::: Data section :::
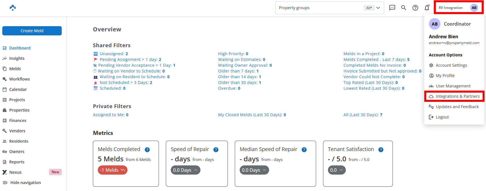 To access Integration Settings, click your Company Name and select Integrations & Partners.
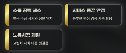 셋째, 고령화 사회에서 지속 가능한 노동시장 구조 개편의 첫걸음이 될 수 있다.
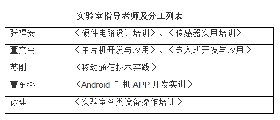 实验室配备有计算机、示波器、电子测试仪器、小型机床、雕刻机、3D打印机,多功能信号源等多种实验设备。不仅可以进行创新实践,也适合电子类相关专业开展实训项目。本实验室采用教师指导,学生自我管理的模式,目前实验室有指导老师5人,长期开展的大学生创新培训课程有:硬件电路设计培训,传感器使用培训,单片机开发与应用培训及ARM嵌入式应用技术培训,Android 手机APP开发实训,每年参加实验室培训的学生约150人。实验室积极鼓励并组织学生参加各级各类大学生科技竞赛,近两年获得国家级、省部级奖励达100余项。
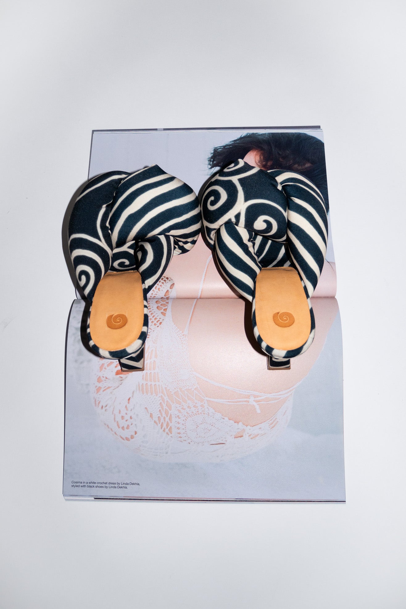 Squared toe mule shoes made in black/cream recycled hand printed swirl fabric. Features a large padded knot. Heel 7 cm. Shoe made from recyclable materials.
:::
* _Your instructions_:
The whole listing must be restated word for word. Leave out any pictures.

* _Written answer_:
 To access Integration Settings, click your Company Name and select Integrations & Partners.
 셋째, 고령화 사회에서 지속 가능한 노동시장 구조 개편의 첫걸음이 될 수 있다.
 实验室配备有计算机、示波器、电子测试仪器、小型机床、雕刻机、3D打印机,多功能信号源等多种实验设备。不仅可以进行创新实践,也适合电子类相关专业开展实训项目。本实验室采用教师指导,学生自我管理的模式,目前实验室有指导老师5人,长期开展的大学生创新培训课程有:硬件电路设计培训,传感器使用培训,单片机开发与应用培训及ARM嵌入式应用技术培训,Android 手机APP开发实训,每年参加实验室培训的学生约150人。实验室积极鼓励并组织学生参加各级各类大学生科技竞赛,近两年获得国家级、省部级奖励达100余项。
 Squared toe mule shoes made in black/cream recycled hand printed swirl fabric. Features a large padded knot. Heel 7 cm. Shoe made from recyclable materials.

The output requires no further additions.